• [WHAT YOU NEED TO DO]
For this listing, reproduce the line with "7.根据图片依次进行操作,在交易页面左侧输入选择BTC/USDT交易对", the line with "The ultimate dice", and the lines between, exactly as they stand. Leave out pictures and all other lines.

• [RECORDS SUPPLIED]
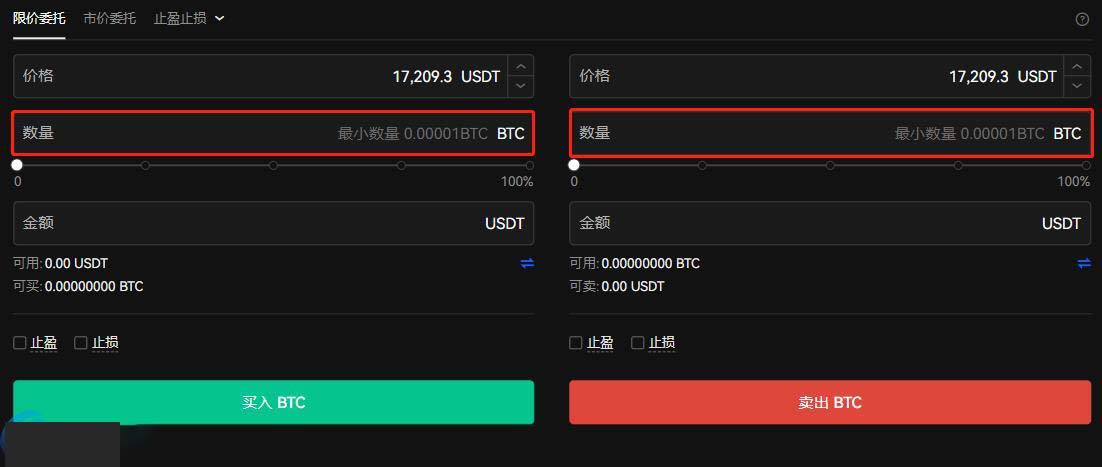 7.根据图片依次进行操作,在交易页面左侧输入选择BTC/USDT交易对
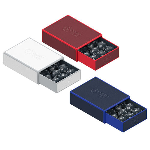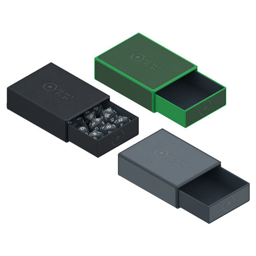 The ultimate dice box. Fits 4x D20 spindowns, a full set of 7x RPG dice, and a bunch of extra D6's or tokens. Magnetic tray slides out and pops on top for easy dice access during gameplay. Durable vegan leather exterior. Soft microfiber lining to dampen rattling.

...

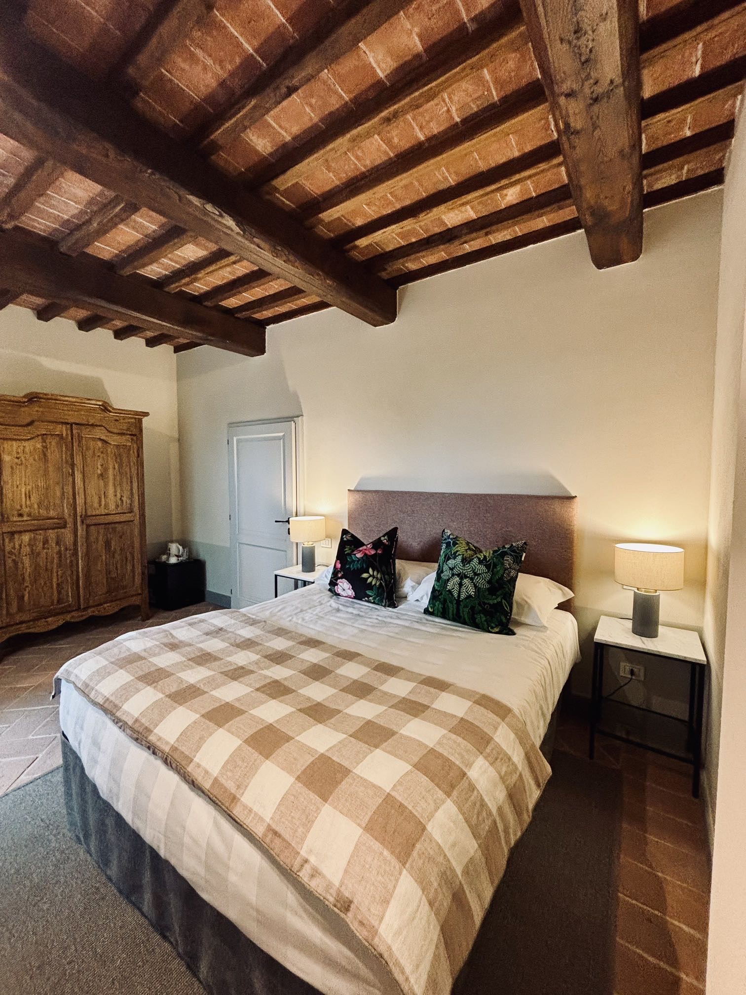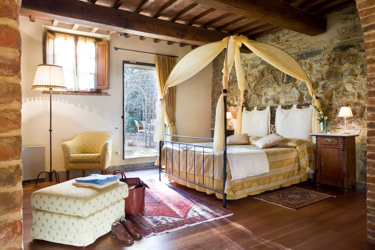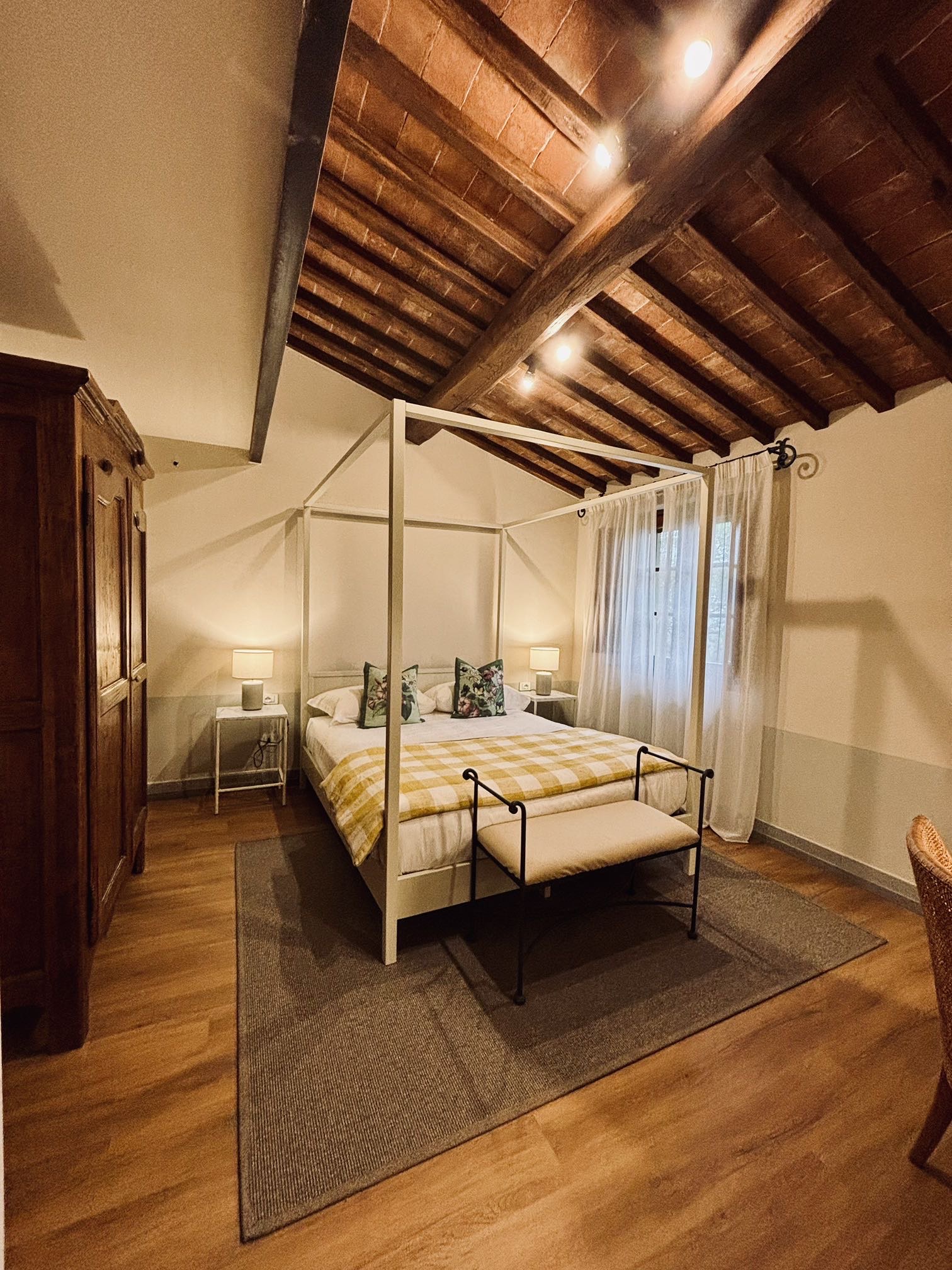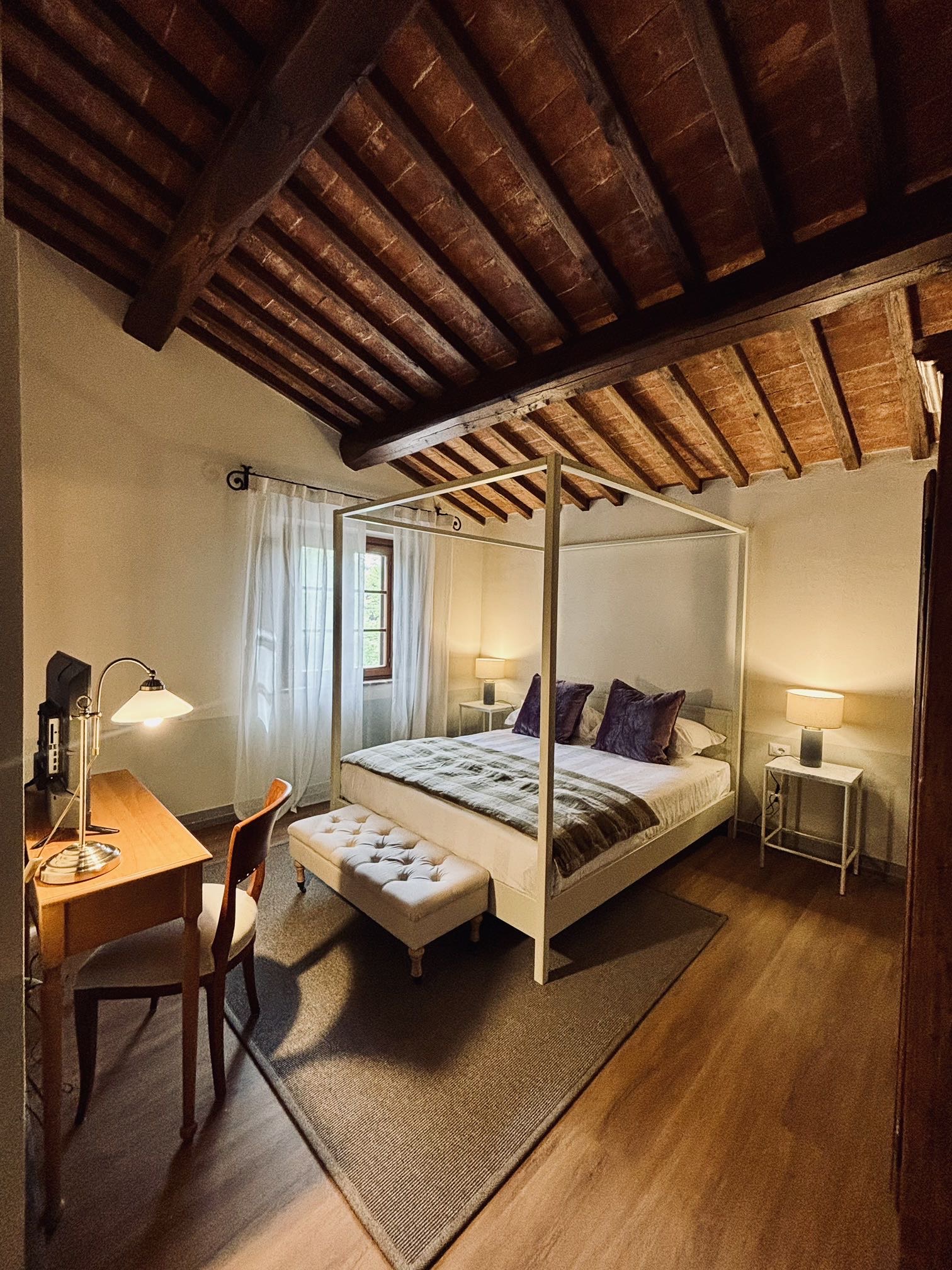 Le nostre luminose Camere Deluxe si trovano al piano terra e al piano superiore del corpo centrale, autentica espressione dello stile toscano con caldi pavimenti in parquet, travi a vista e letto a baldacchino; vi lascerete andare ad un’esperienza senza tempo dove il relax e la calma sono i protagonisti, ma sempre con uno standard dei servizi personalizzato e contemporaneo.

...

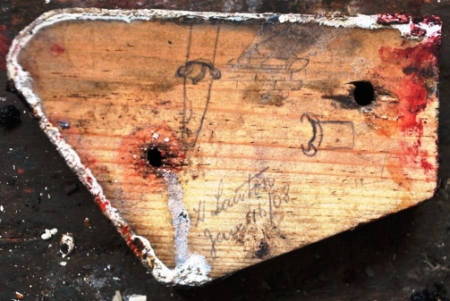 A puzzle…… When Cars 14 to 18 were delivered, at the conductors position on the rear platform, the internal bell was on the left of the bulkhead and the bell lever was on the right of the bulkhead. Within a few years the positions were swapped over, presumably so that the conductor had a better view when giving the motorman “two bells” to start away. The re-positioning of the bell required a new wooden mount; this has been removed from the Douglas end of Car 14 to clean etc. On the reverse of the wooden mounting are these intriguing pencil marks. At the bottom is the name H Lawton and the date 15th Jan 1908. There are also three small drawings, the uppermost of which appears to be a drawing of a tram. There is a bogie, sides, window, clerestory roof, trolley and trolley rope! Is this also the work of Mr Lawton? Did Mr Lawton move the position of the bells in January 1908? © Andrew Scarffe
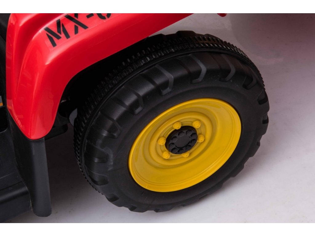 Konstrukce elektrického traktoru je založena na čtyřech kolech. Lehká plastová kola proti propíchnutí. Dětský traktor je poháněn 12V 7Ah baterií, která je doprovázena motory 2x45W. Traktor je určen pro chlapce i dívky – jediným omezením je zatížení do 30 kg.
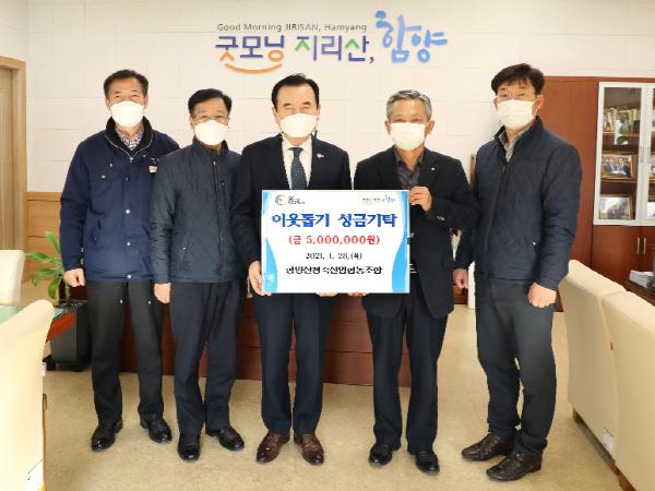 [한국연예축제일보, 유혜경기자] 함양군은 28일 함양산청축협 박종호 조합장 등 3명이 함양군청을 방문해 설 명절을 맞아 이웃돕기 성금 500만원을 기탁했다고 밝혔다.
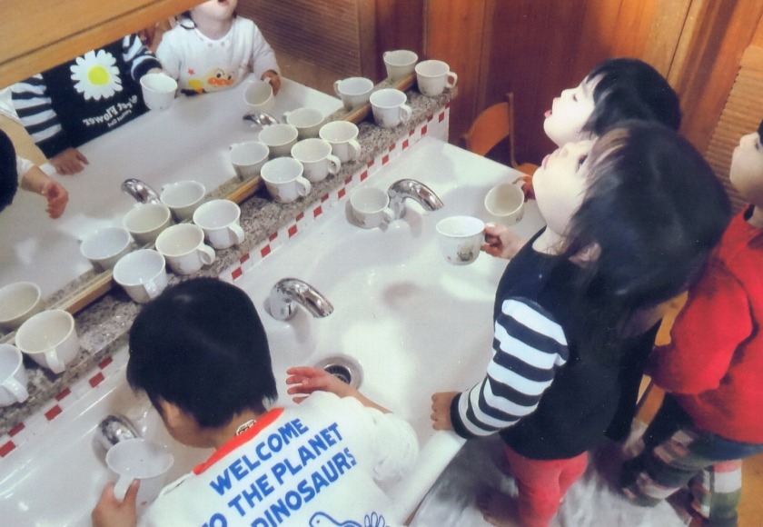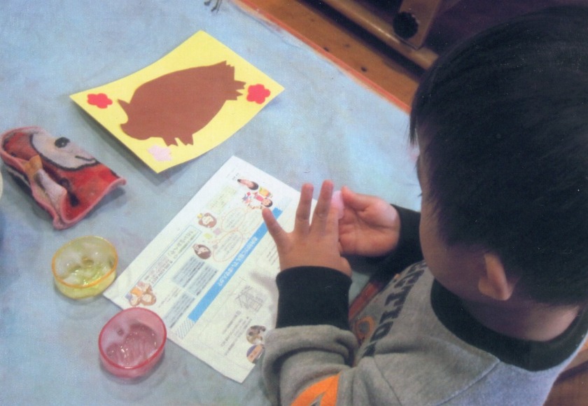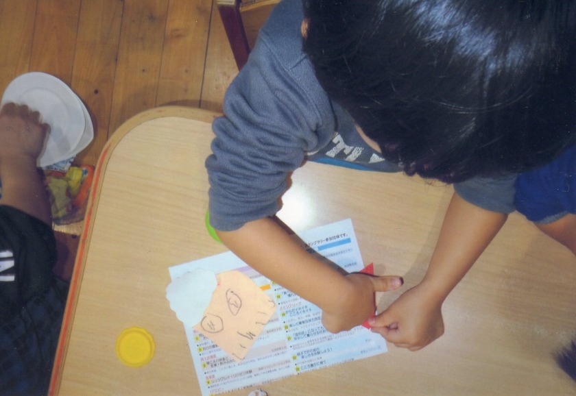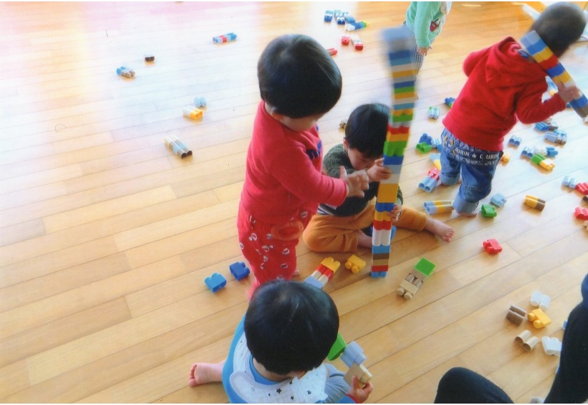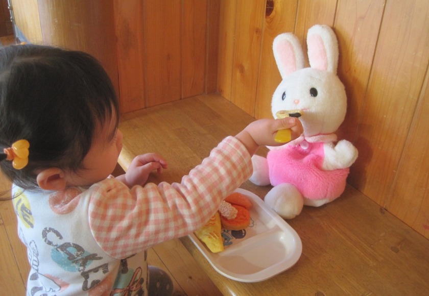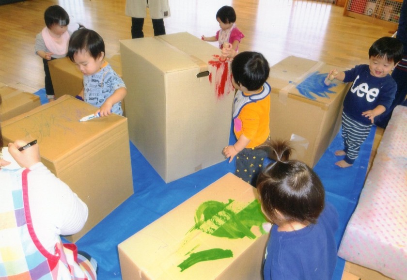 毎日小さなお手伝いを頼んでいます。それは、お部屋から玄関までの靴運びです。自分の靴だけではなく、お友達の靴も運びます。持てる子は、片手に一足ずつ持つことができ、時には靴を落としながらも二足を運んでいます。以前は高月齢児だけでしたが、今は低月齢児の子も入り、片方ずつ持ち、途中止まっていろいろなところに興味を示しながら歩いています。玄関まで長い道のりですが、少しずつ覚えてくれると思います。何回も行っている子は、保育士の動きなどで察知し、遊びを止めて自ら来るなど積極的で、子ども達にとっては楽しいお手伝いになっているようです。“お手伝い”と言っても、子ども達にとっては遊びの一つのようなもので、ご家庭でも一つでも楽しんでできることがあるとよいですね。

• [FINAL ANSWER]
 7.根据图片依次进行操作,在交易页面左侧输入选择BTC/USDT交易对
 The ultimate dice box. Fits 4x D20 spindowns, a full set of 7x RPG dice, and a bunch of extra D6's or tokens. Magnetic tray slides out and pops on top for easy dice access during gameplay. Durable vegan leather exterior. Soft microfiber lining to dampen rattling.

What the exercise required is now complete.